In healthy adults, explains Marco Catani, who heads the neuroanatomy and tractography laboratory called NatBrainLab at King’s College London, the AF, which has three parts, is approximately the same size on the left and right sides, but there’s variation in the presence or absence of one part, called the long segment. According to Catani’s research, 80 percent of healthy adults have all three AF segments on the left but have an absent or very small long segment in the right hemisphere, he says.
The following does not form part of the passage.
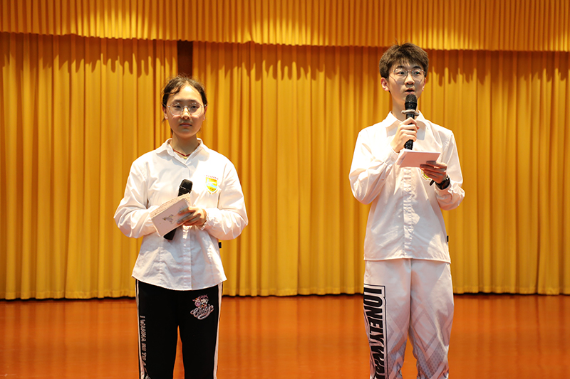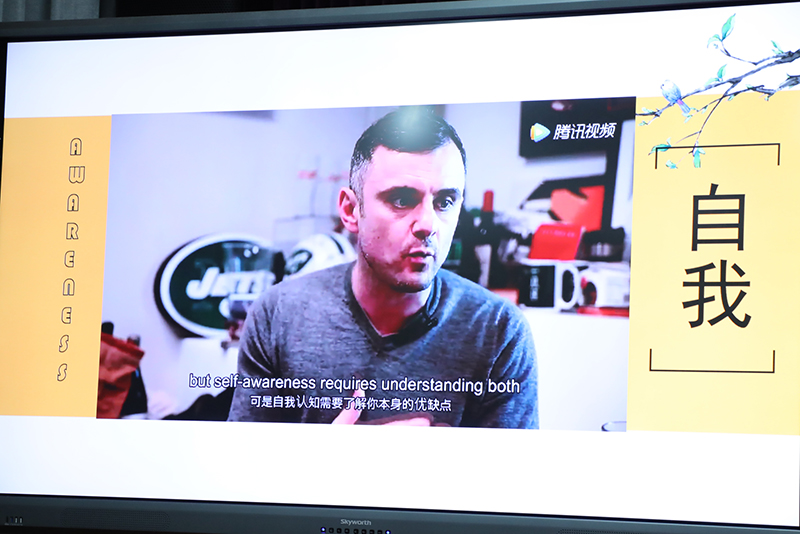 班会以一段振奋人心的入场视频拉开了序幕,此开场紧紧抓住了大家的心弦。随后,主持人何沐、范墨涵带领大家观看一段关于认识自我的短片。就此短片,主持人以丑橘和奶茶为例,带领大家进一步思考,引出了本次班会的第一个环节:认识自己。

In the stroke patients from the present study, all three segments of the AF were present on the right side of the brain. Some regions of the AF were also present on the left, but not all three and not in all the patients. In controls from the NIH database, the reverse was true: all three AF segments were always present on the left but not necessarily on the right. Further, the researchers found that the more the volume of the AF was shifted to the right hemisphere, or lateralized to the right, the more words the kids spoke at a stretch during the expressive language test. These findings suggest, the authors write, that in response to stroke, children’s brains are assigning language functions to the right hemisphere.

The patients in the present study had “very little language impairment compared to neurotypical children. So that means that the right hemisphere is really taking over most of the functions [in these children],” says Catani, who was not involved in the study.

Three-D reconstructions of the brains of children who had perinatal strokes (L1-L6) and healthy children from the NIH Pediatric MRI Data Repository (C1- C4). Right lateralization of the arcuate fasciculus, pictured here in yellow (posterior segment), red (long segment), and green (anterior segment), is important for language development after stroke according to François et al. 
C. François et al., “Right structural and functional reorganization in 4-year-old children with perinatal arterial ischemic stroke predict language production,” eNeuro, ENEURO.0447-18.2019, 2019.  


Brain plasticity in adults and older children after stroke

The results add to previous data about stroke recovery in adults and in children.

Catani notes that the findings are in line with those of a previous study he led, which found that the volume of the right long segment of the AF was positively correlated with how well adult patients regained language abilities six months after stroke.

The growing evidence that children can recover from these perinatal strokes may give reassurance to the families of children who’ve had them, says Torsten Baldeweg, a cognitive neuroscientist at University College London and the UCL Great Ormond Street Institute of Child Health who was not involved in the present study. Bosch’s results are also somewhat similar to Baldeweg’s from a recent study in older children who had had left hemisphere neonatal strokes. He and his colleagues found that a functional lateralization toward the right—meaning that the right side of the brain was more active than the left during language tasks, according to functional MRI data—was tied to a better recovery of language abilities.

Baldeweg notes, however, that his study did not find that structural lateralization—having larger language-related structures on the right—was as important as it seems to be in the present study and notes the difficulty of drawing conclusions from small sample sizes.

The study authors note this limitation. “I want to make it very clear that we have a very small sample. This is a very difficult sample to get and we could only get few patients. Thus, our results are just a first step,” Pablo Ripollés, a coauthor of the study and currently a postdoc in the psychology department at New York University, tells The Scientist in an email.

Nevertheless, the results are reason to continue studying these children as their language develops to understand more about the role of AF lateralization in language recovery after stroke.

“This speaks to the potential power of our brain to rewire itself in different ways, especially during early childhood,” Ripollés adds.

C. François et al., “Right structural and functional reorganization in 4-year-old children with perinatal arterial ischemic stroke predict language production,” eNeuroENEURO.0447-18.2019, 2019.